Now, if we have a vector space, we should have a way to build this space out of a few fundamental vectors. A set of linearly independent vectors that can be used in some combination to produce any arbitrary vector in the space is called a basis for the vector space. We then use the length of this basis set to define the dimension of the vector space.

Remark. This is another key place where infinite-dimensional vector spaces behave differently from their finite-dimensional counterparts. We should expect such a space to also possess a basis, since we need to be able to construct it using some combination of vectors, but how many vectors should we have? We know from discrete mathematics that there are different kinds of infinities, namely countable and uncountable ones (put simply, countable infinities are ones where we can enumerate each element, and uncountable ones are those where it’s impossible to do so). Fortunately for us, one of the properties of a Hilbert space is that it possesses a countably infinite basis, which is good for our purposes and the end of our discussion of the matter.

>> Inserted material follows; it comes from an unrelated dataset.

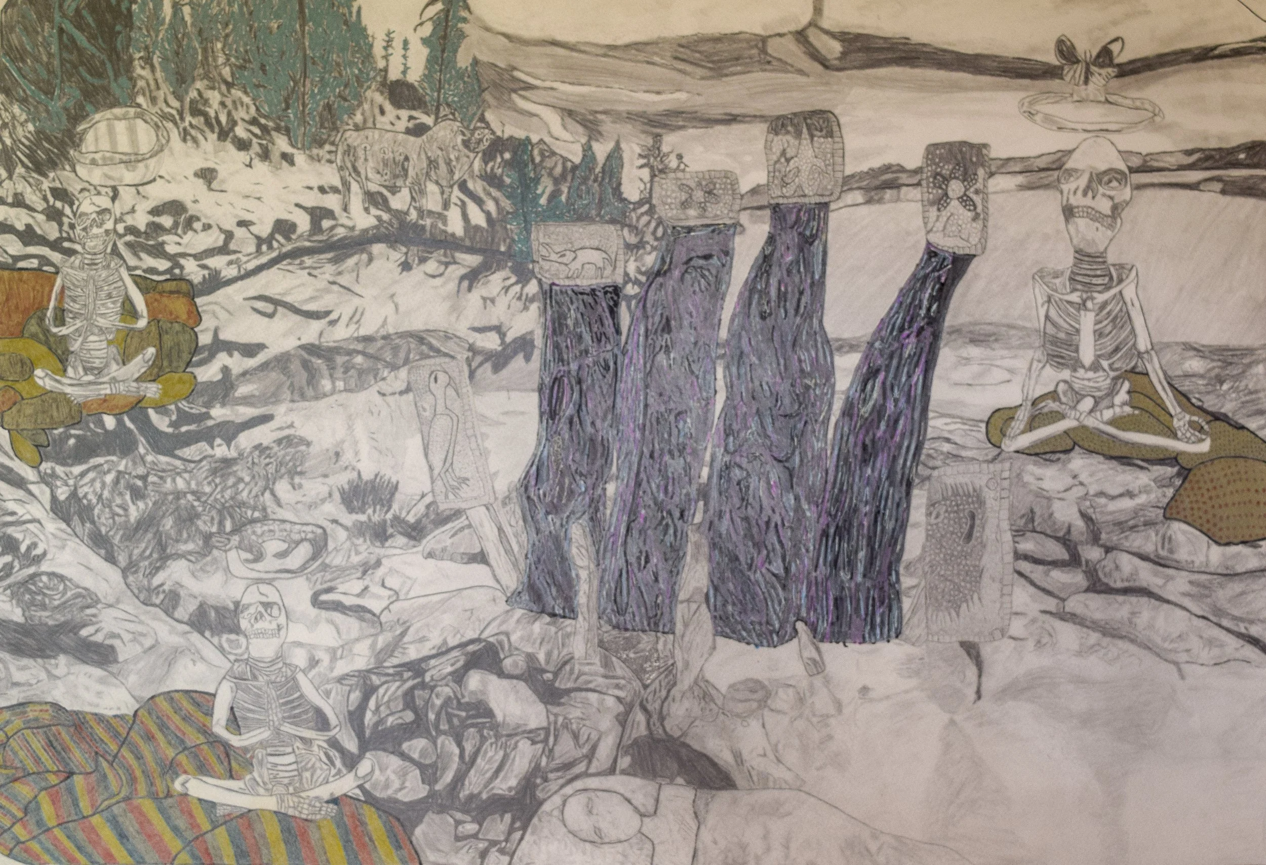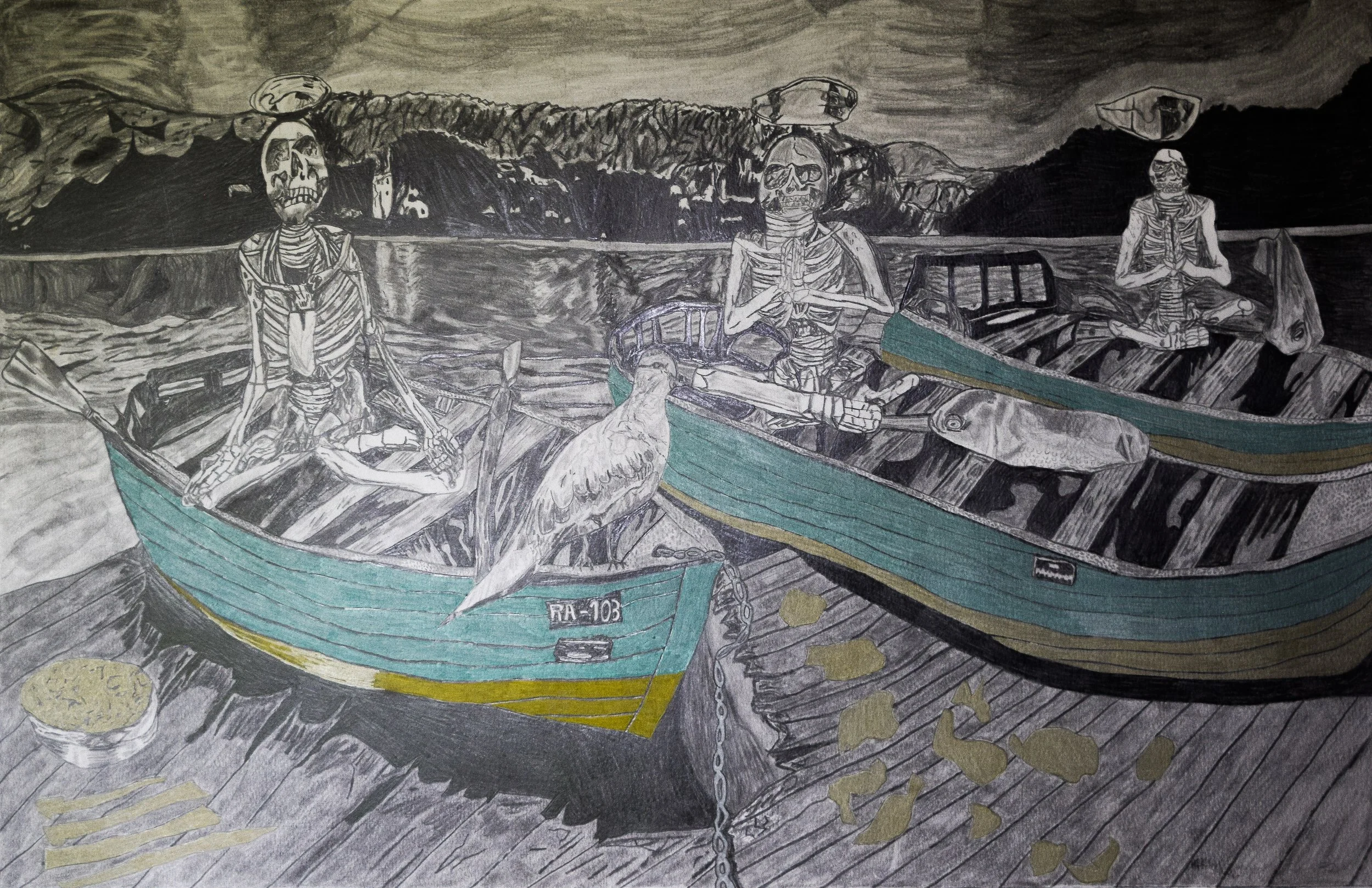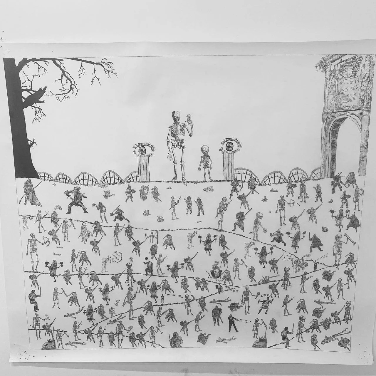 'The Skeleton Gang' mixed media drawing, A2 paper (250gsm), 2020

We will often require to decompose a vector space into an appropriate basis, or use a basis to construct a relevant vector space. Since the only requirements for a set to become a basis are for it to be the appropriate length, have each vector be linearly independent, and have the vectors span the entire space, it is not inconceivable to have multiple different bases generating a single vector space.

Let’s label some discrete basis of some ket space with numbered kets: \(\{\ket{n}, n=1,2,\dots\}\). If all vectors in the basis are orthogonal (i.e. \(\braket*{n}{m} = 0\) when \(n \neq m\)), we call the basis an orthogonal basis. If, furthermore, all of the vectors of an orthogonal basis are normalized (each has magnitude \(1\)), we call the basis orthonormal. To properly notate, let’s introduce a new function which we’ll see a lot later on called the Kronecker delta6:

Definition 2.3 (Kronecker Delta) The Kronecker delta is defined like so: \[\delta_{mn} = \begin{cases} 1 & m=n \\ 0 & m \neq n \end{cases}\]

Thus, we can rewrite the orthonormality condition for our basis into the following really compact form: \[\braket*{n}{m} = \delta_{mn}\]

Remark. We will use index notation like the Kronecker delta above to simplify notation often throughout quantum mechanics (and in some instances in other fields of physics as well). Index notation will be clarified a bit more in some appendices, and will come more in handy when we start dealing with tensors, which will come a little later.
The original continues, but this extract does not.